Police chiefs are setting up two centres in Kashmir to catch suspected criminals coming into or going out of Bradford.
The two centres, planned for Muzaffarabad and Mirpur, will boost existing links between the West Yorkshire force and Azad Jammu and Kashmir Police (AJK) through improved information technology and video conferencing.
Bradford's community and racial relations officer Inspector Martin Baines said: "There is big movement between Bradford and Mirpur and about 50,000 people from Bradford's Pakistan community originate from Mirpur.
"The resource centres will be places where we can have video conferencing and use information technology to enable our communications to be smoother.
"This will help us to complete enquiries more quickly. Communications between the two are difficult at the moment and using just a phone and fax machine slows things down"
At least two Bradford officers will join a team from West Yorkshire Police when they visit the region next year to train officers in Kashmir, after the Pakistan Police Reform Agenda set up a new Investigation Bureau.
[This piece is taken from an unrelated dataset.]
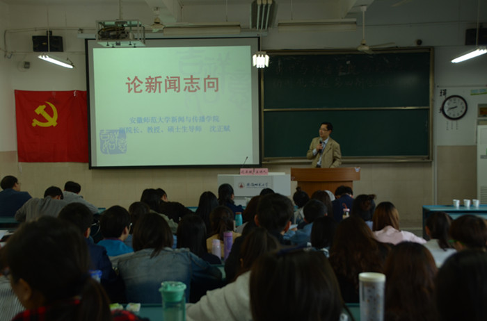 “对于新媒体时代的新闻工作者来说,新闻工作是一种与现实靠得最近的职业,它必须面对现实,必须面对具体的正义而不是抽象的正义,必须扎根于现实,扎根于新闻专业主义,既然选择了记者这一职业,就是选择了一种特殊的职业理想、人生态度和生活方式,也就意味着选择了风雨兼程。”讲座的最后,沈正赋教授鼓励同学们:无论媒介技术如何变幻多端,新闻媒体的生存和发展所面临的现实是如何的残酷,新闻工作者都必须仰望星空,脚踏实地,不忘初心,继续前行,讲好中国故事。(文/吕汉东 图/鲁建敏)

"This includes women who will be looking at offences involved with forced marriages," said Insp Baines.
"We will be helping to train them in scenes of crime techniques.
"They have never had investigators before and it's a new job. We are trying to help them train their force into a service which is more public-service orientated."
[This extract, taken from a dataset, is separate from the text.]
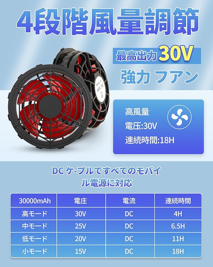 【4段階風量調節・様々なシーンに対応】(30V 30000mAh.(別売)と組み合わせてご使用の場合、作業服ファンの風量は4段階に切替できます。電圧30V :約168リットル/秒、電圧25V :約130リットル/秒、電圧20V :約115リットル/秒、電圧15V : 約100リットル/秒、※風量はメーカー基準で測定した値です。ご使用時の目安としてください。
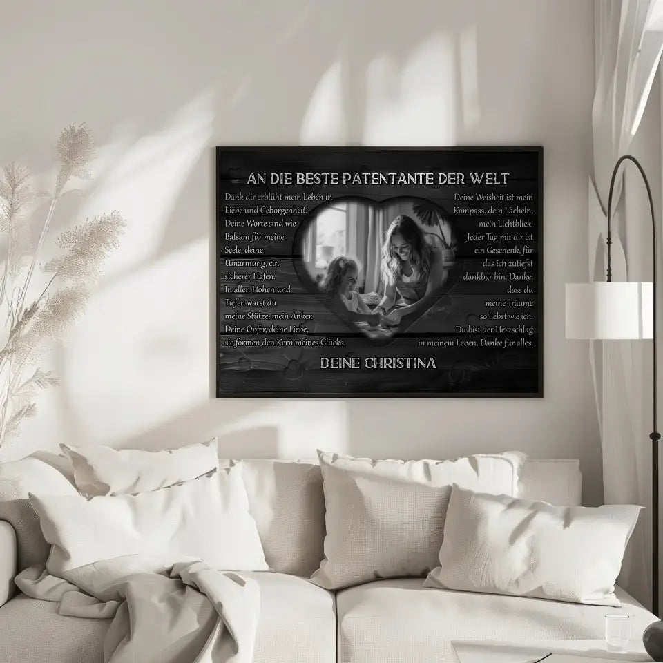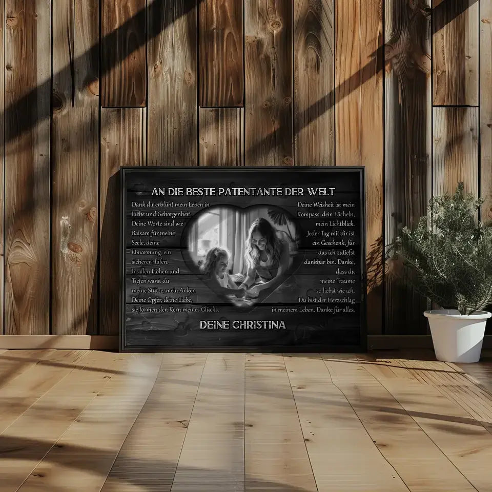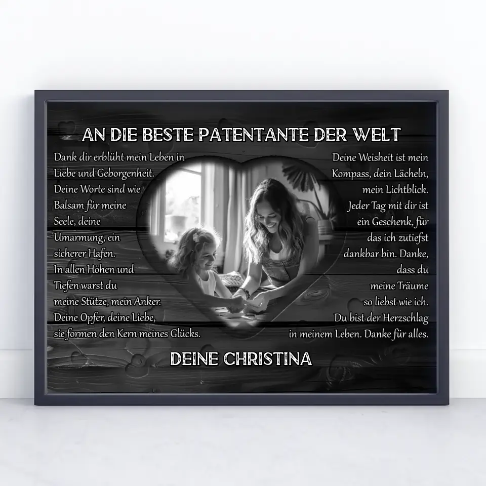 Du möchtest mal wieder etwas einzigartiges verschenken? Unser Personalisiertes Patentante Poster DANKE Schwarz Weiß ein schönes personalisiertes Geschenk.

Bradford police currently deal with about 200 cases a year of forced marriages.
The Foreign Office has funded projects between the two forces in the past and the West Yorkshire force hopes to secure its backing for the resource centres and training programmes.
West Yorkshire Police has pioneered links with police in Pakistan and India for several years. Links enable both forces to investigate a range of crimes from murder investigations to tracing missing people.
Inspector Baines said: "The links were set up to look at trans-national crime - for example, people who commit crime here and flee over there and vice versa.
"There is no extradition agreement between the UK and Pakistan but there is a lot we can do practically, such as share intelligence and track witnesses who sometimes move between the two.
"The concept is co-operation to make these two places safer.
"The Pakistani and Kashmiri community in Bradford have been very supportive of this work and it has had a significant impact on our relationship with them.
"All the work we have done has been ground-breaking in Pakistan."